-- Opening Marker --

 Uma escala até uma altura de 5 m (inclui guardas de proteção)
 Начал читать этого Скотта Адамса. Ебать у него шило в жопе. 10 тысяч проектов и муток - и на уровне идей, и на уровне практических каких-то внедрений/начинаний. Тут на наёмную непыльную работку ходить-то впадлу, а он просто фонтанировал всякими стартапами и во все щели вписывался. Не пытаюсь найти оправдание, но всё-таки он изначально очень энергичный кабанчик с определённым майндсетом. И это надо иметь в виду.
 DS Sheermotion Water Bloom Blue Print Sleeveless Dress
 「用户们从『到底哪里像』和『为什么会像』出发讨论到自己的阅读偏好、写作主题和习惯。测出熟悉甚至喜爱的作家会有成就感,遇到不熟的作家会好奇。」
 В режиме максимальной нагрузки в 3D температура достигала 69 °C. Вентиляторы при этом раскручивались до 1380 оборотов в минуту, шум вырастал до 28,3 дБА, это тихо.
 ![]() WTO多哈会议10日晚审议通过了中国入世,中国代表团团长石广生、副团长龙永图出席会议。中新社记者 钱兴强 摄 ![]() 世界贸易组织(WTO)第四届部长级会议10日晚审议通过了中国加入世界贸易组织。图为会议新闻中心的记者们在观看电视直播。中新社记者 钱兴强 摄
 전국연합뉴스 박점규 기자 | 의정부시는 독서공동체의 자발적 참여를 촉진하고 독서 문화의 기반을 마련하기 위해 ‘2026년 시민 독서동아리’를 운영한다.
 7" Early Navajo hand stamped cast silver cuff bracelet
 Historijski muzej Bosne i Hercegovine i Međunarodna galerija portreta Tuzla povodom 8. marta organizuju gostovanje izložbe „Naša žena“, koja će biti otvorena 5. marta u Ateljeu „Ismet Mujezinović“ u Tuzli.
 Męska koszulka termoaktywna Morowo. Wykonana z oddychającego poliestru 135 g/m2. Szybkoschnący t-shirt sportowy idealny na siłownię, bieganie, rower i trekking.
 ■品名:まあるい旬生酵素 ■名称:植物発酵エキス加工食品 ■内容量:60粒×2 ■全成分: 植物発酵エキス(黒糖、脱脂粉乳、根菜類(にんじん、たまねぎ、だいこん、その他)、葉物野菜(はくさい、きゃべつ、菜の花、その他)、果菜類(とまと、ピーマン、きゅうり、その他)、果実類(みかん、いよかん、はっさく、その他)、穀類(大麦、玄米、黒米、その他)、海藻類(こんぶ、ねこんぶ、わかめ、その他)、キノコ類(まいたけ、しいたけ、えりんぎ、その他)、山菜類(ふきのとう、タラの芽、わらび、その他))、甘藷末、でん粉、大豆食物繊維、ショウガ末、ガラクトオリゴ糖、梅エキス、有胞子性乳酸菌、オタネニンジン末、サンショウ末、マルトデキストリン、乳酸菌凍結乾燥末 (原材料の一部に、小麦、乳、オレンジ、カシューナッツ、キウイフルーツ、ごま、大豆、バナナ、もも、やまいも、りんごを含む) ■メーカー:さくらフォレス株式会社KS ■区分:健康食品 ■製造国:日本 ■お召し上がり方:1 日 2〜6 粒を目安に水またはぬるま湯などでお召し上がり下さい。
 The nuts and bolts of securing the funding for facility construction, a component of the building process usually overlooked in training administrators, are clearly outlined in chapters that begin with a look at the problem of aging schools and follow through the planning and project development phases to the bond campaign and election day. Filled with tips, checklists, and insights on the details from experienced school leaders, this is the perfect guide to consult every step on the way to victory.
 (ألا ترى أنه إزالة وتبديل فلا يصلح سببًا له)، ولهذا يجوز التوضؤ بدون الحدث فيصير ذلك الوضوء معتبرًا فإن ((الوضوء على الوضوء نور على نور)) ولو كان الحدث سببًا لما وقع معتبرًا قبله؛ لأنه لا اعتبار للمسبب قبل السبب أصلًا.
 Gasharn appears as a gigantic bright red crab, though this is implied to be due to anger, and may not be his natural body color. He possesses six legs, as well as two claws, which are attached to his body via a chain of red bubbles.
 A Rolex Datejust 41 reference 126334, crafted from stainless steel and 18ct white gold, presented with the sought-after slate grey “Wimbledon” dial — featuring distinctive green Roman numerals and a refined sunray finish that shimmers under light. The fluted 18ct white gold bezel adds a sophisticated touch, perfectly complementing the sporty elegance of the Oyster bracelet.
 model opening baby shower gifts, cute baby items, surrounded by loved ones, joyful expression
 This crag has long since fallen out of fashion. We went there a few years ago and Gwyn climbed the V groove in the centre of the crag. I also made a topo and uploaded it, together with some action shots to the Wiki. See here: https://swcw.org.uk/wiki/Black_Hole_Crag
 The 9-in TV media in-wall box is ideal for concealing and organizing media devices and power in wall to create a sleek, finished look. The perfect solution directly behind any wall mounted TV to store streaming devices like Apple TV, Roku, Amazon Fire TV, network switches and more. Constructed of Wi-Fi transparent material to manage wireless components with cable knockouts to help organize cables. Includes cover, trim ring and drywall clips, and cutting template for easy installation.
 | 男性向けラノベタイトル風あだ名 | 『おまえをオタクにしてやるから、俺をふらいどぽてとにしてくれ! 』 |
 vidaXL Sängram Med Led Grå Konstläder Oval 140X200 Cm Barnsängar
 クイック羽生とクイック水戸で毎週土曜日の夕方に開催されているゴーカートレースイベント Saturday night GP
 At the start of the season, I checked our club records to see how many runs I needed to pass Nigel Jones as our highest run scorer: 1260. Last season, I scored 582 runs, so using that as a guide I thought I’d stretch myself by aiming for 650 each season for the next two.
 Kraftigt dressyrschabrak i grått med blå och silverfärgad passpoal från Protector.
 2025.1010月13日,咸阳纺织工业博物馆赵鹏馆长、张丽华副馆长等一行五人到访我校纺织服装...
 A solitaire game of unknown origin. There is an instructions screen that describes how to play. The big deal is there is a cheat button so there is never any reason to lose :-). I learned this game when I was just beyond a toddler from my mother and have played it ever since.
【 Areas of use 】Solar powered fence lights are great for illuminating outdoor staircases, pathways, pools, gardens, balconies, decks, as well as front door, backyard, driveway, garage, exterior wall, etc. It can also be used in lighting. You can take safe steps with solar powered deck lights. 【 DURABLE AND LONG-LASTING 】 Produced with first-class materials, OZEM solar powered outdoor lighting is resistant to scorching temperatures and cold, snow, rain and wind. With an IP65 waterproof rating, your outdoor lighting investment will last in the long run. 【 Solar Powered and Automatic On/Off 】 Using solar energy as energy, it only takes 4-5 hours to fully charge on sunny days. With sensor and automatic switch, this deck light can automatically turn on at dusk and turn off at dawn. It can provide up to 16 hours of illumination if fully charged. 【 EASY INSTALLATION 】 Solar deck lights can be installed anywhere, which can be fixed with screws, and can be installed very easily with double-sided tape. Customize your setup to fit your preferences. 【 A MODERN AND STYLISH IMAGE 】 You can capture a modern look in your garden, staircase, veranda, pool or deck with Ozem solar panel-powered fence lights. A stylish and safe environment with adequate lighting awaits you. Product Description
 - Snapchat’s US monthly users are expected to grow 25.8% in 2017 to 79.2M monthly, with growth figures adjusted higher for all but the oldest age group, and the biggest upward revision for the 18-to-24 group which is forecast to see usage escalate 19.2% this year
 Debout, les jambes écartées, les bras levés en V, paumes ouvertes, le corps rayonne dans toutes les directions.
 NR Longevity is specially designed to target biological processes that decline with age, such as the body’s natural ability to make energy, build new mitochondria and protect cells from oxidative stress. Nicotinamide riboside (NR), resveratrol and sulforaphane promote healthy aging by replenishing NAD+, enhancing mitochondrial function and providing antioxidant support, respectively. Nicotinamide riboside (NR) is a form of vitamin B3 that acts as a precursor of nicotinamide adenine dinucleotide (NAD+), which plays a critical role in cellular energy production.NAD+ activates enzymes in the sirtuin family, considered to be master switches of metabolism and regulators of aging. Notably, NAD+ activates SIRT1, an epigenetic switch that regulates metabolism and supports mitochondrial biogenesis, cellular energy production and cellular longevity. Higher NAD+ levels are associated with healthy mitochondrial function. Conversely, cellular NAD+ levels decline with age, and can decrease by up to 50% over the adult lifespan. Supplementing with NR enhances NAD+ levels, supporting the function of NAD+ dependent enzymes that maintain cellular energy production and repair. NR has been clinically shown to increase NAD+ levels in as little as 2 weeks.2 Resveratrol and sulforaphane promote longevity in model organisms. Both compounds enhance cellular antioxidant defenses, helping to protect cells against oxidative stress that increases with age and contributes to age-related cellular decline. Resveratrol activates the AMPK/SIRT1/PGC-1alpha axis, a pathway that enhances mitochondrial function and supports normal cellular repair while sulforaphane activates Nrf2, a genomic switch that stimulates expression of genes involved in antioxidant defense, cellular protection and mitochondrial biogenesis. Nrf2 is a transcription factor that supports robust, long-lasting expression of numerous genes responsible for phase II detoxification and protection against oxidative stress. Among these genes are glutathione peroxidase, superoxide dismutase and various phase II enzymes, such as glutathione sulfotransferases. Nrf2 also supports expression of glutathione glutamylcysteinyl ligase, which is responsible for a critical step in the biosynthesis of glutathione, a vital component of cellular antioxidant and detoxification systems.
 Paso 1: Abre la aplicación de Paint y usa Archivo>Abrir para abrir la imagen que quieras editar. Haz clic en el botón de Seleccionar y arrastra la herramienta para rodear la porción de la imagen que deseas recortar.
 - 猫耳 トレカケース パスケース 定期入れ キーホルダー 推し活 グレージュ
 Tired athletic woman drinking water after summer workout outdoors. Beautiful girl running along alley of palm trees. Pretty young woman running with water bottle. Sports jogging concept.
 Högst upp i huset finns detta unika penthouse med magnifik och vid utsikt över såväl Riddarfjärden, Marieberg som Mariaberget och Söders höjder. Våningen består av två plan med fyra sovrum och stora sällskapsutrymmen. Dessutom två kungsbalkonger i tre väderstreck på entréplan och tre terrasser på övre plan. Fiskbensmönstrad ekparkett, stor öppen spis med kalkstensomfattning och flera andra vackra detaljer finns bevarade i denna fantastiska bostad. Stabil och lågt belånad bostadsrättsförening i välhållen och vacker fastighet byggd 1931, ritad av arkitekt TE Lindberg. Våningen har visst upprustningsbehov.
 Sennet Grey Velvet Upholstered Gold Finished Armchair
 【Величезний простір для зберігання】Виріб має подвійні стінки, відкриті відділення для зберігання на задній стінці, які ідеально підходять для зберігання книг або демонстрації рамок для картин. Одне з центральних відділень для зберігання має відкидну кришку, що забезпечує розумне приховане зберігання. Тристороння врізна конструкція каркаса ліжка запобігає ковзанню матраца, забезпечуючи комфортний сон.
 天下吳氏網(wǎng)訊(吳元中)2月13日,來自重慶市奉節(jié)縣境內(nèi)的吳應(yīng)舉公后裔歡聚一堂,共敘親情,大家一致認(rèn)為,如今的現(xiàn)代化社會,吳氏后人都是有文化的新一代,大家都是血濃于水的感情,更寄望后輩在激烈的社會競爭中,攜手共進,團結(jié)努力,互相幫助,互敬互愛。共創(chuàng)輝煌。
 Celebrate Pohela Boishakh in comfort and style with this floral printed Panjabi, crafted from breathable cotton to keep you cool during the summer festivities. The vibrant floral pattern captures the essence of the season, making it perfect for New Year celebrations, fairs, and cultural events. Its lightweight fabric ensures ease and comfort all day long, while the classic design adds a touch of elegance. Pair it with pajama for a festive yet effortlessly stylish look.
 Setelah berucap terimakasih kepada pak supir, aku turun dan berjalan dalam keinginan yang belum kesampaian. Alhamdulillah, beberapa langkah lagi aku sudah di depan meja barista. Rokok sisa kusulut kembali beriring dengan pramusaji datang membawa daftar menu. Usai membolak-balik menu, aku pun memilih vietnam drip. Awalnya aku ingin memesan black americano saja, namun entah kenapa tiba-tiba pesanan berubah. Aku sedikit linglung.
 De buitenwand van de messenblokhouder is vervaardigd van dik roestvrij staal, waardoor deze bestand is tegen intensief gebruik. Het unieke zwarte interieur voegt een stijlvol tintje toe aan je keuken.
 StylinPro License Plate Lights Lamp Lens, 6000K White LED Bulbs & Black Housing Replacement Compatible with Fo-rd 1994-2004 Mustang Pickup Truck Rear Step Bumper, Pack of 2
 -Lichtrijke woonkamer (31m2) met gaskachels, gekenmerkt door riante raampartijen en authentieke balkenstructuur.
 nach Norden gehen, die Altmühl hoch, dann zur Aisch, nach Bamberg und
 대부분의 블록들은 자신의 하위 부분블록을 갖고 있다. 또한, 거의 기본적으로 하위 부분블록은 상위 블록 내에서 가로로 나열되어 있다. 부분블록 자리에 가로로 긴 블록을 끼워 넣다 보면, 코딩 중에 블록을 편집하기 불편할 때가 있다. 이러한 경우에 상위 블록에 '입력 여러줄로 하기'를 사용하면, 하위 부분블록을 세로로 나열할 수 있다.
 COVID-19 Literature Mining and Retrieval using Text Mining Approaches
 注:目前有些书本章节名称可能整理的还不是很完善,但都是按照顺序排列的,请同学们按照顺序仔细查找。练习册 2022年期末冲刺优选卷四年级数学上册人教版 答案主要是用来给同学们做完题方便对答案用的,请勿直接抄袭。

-- Closing Marker --

Using the records, find how many lines include the string "season" and report that number alone.

2